WORK REQUEST. Leave the images aside and copy out the whole listing, exact to the word.

SUPPLIED DATA.
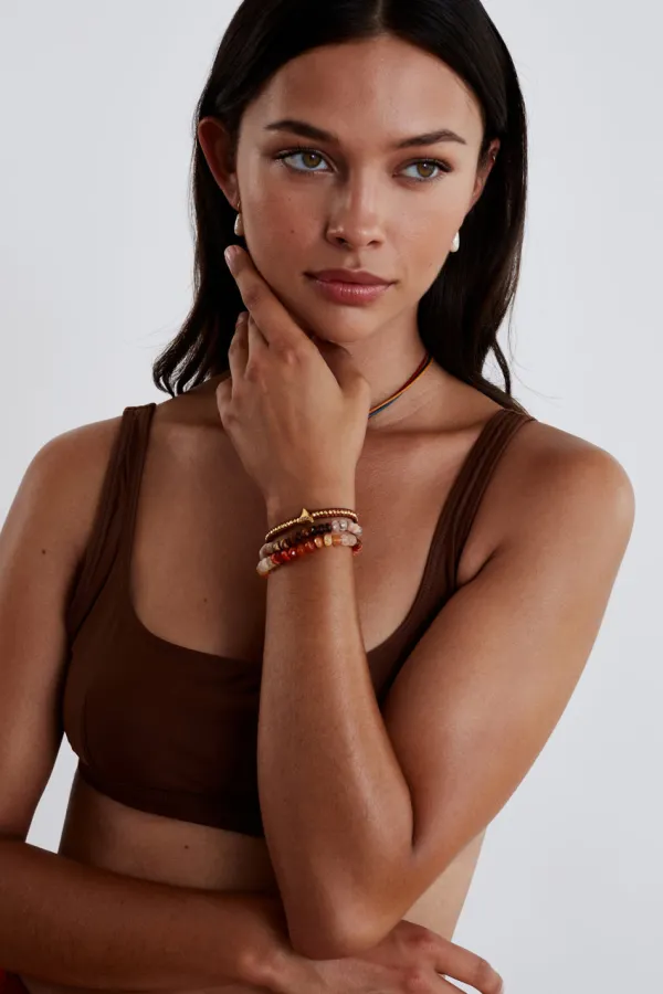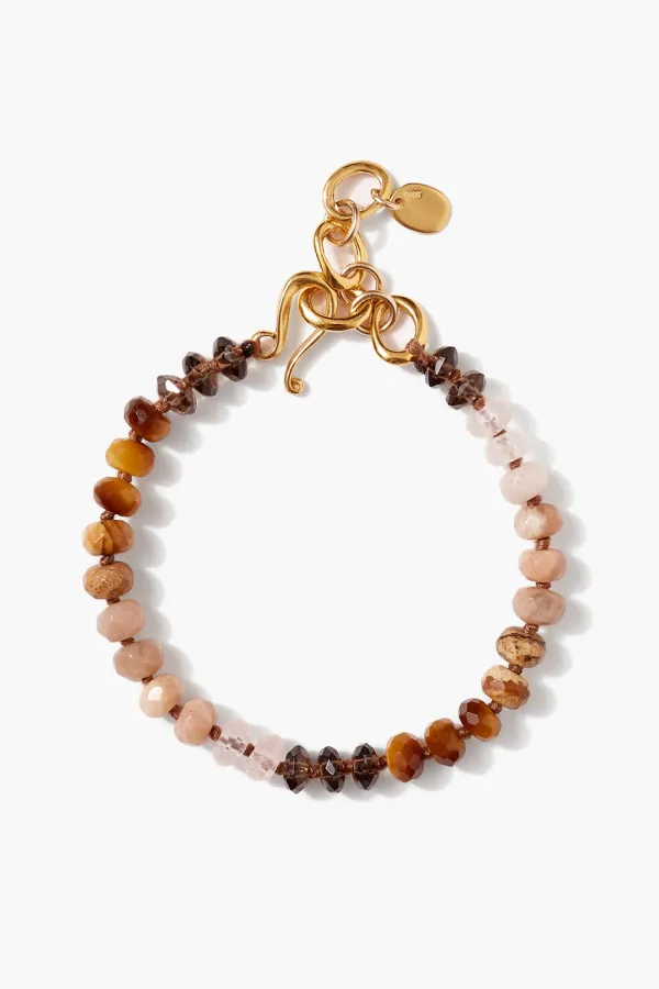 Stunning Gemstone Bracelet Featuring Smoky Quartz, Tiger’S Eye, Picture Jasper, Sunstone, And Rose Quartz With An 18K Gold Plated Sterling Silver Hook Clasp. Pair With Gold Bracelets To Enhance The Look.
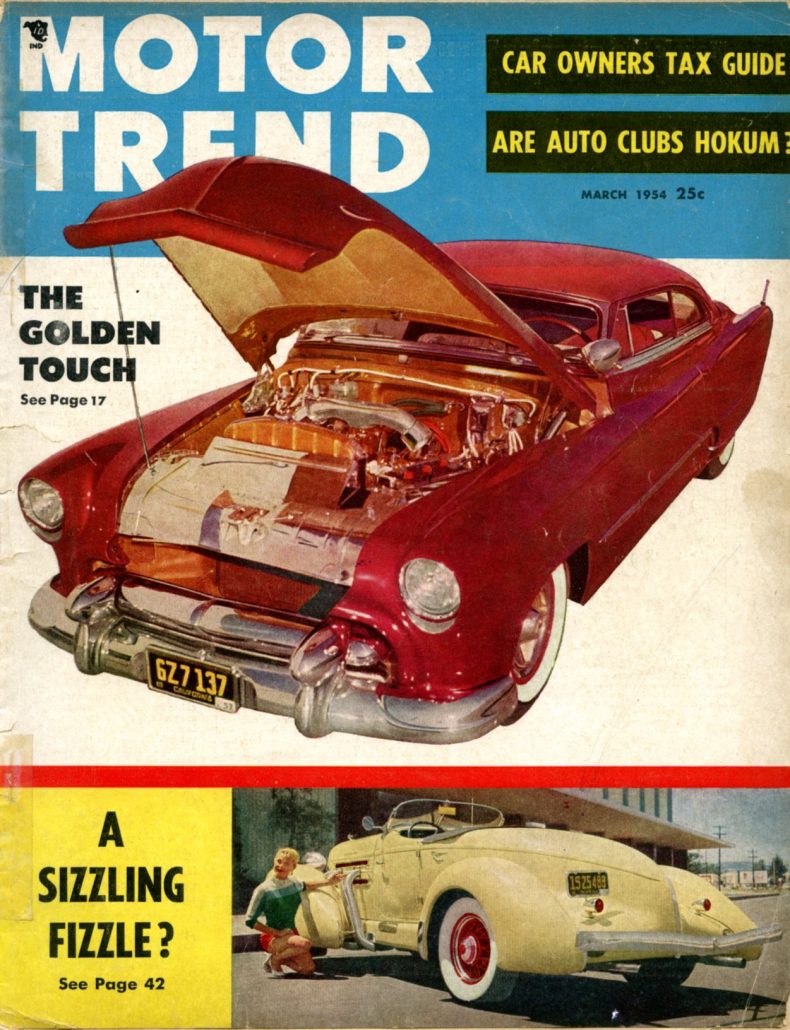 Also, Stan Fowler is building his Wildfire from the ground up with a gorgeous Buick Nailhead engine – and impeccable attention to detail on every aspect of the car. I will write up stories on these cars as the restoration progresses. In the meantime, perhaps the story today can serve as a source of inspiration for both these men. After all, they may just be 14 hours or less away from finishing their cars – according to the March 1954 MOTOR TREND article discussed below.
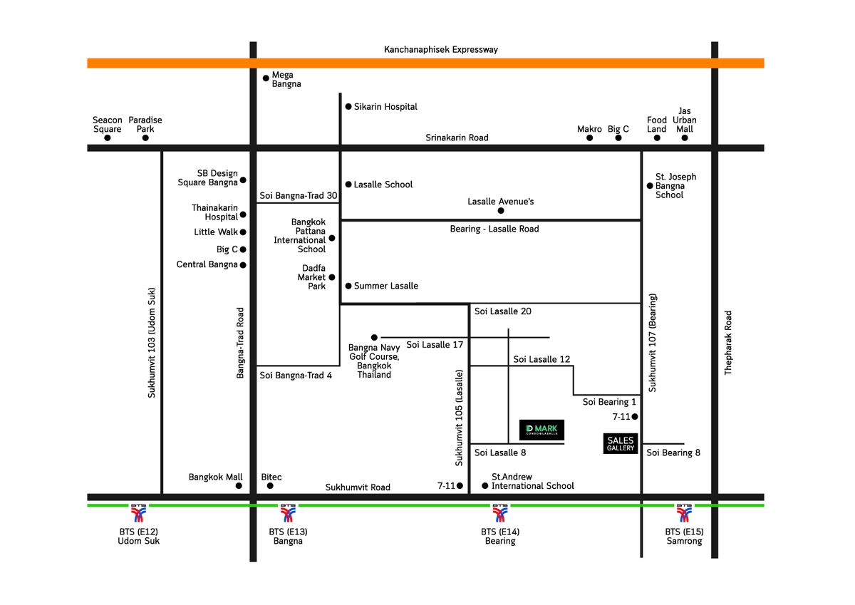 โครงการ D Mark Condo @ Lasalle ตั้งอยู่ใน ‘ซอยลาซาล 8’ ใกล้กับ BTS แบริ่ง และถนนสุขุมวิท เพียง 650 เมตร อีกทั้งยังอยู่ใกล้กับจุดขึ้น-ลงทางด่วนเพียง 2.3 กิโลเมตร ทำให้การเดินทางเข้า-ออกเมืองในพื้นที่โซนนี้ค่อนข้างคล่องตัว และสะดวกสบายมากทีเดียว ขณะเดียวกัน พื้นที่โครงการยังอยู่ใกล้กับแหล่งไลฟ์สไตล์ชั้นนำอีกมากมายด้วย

REPLY.
 Stunning Gemstone Bracelet Featuring Smoky Quartz, Tiger’S Eye, Picture Jasper, Sunstone, And Rose Quartz With An 18K Gold Plated Sterling Silver Hook Clasp. Pair With Gold Bracelets To Enhance The Look.
 Also, Stan Fowler is building his Wildfire from the ground up with a gorgeous Buick Nailhead engine – and impeccable attention to detail on every aspect of the car. I will write up stories on these cars as the restoration progresses. In the meantime, perhaps the story today can serve as a source of inspiration for both these men. After all, they may just be 14 hours or less away from finishing their cars – according to the March 1954 MOTOR TREND article discussed below.
 โครงการ D Mark Condo @ Lasalle ตั้งอยู่ใน ‘ซอยลาซาล 8’ ใกล้กับ BTS แบริ่ง และถนนสุขุมวิท เพียง 650 เมตร อีกทั้งยังอยู่ใกล้กับจุดขึ้น-ลงทางด่วนเพียง 2.3 กิโลเมตร ทำให้การเดินทางเข้า-ออกเมืองในพื้นที่โซนนี้ค่อนข้างคล่องตัว และสะดวกสบายมากทีเดียว ขณะเดียวกัน พื้นที่โครงการยังอยู่ใกล้กับแหล่งไลฟ์สไตล์ชั้นนำอีกมากมายด้วย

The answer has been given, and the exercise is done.